Tuesday, November 19, 2013

Crunching Billions of Log Lines With LogParser

Yesterday three different people came to me asking what type and how many browsers are our "users" using to access our content. Since our products load on about 50 - 80 million pages a day we have a pretty good sample size. And a hell of a lot of log files to collect and analyze. Since I already summarize this info on each server daily it was rather simple to gather these summaries and tally them for the month.

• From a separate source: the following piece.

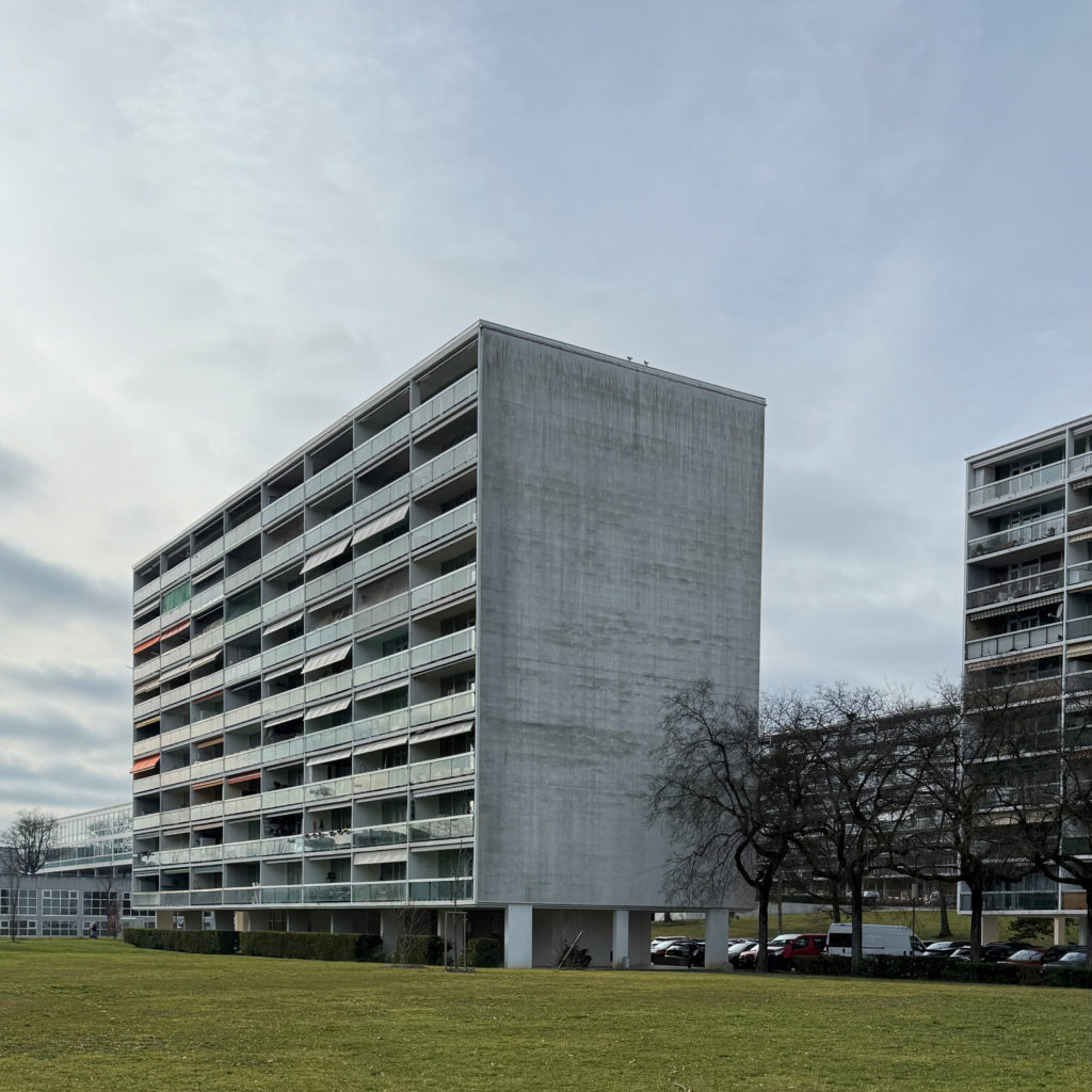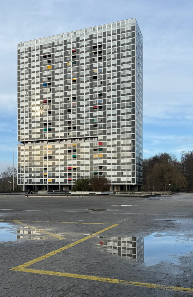 Alors que je les connais par cœur, que je les ai étudiés, que je les ai dessinés, que je les ai déjà maintes fois photographiés, malgré cet historique personnel, il a fallu que j’arpente le sol gorgé d’eau, pour en refaire le tour complet sur mes deux pieds, pour encore une fois les disséquer, essayer de comprendre ce qui amène en moi (en nous ?), cette attirance de l’ordre de l’émotion pure. En effet, dans ce deuxième quart du vingt-et-unième siècle qui s’avance plein d’incertitude et de regards critiques sur nos prédécesseurs en matière de construction durable, ces immeubles n’ont pas pour eux les atouts de la contemporanéité. « Inhumains », parce que lisses et sans âme, ils représentent pour une grande partie de la population l’antithèse de la ville traditionnelle ; construits en béton et en verre, ils ont été des gouffres de carbone et de véritables passoires énergétiques ; implantés loin des centres urbains du dix-neuvième siècle, ils impliquent une mobilité accrue ; conçus avec des rez-de-chaussée ouverts et sans aucunes activités partagées, ils excluent l’échange social ; enfin, leur implantation en barres et tours fait encore débat. En 1978, Rem Koohlaas, lorsqu’il défend le modèle de la congestion manhattanienne par rapport à la vision corbuséenne dont sont hérités les objets du présent article, tient ces propos pleins de reproches : « En faisant du gratte-ciel cartésien l’habitat universel (…), Le Corbusier a déjà été la victime crédule des contes de fées pragmatiques inventés par les constructeurs de Manhattan. Mais son projet véritable est encore plus destructeur : il vise à résoudre réellement les problèmes de la congestion. Abandonnés sur l’herbe, ses bagnards cartésiens sont alignés à 400 mètres les uns des autres (…). Un tel espacement interdit toute possibilité de rapport »1. Un constat somme toute assez implacable.

These calls are from one of our services that handles an average of about 50,000,000 calls per day. Of course these calls are spread across several web servers, so I took the daily summary from each server & combined them per day, then took these daily summaries and combined them for last month (October 2013). In total this represents only about 5-8% of our total daily calls, but this particular service is the first called by many of our products so it is the best place from which to gather info like user agent distribution.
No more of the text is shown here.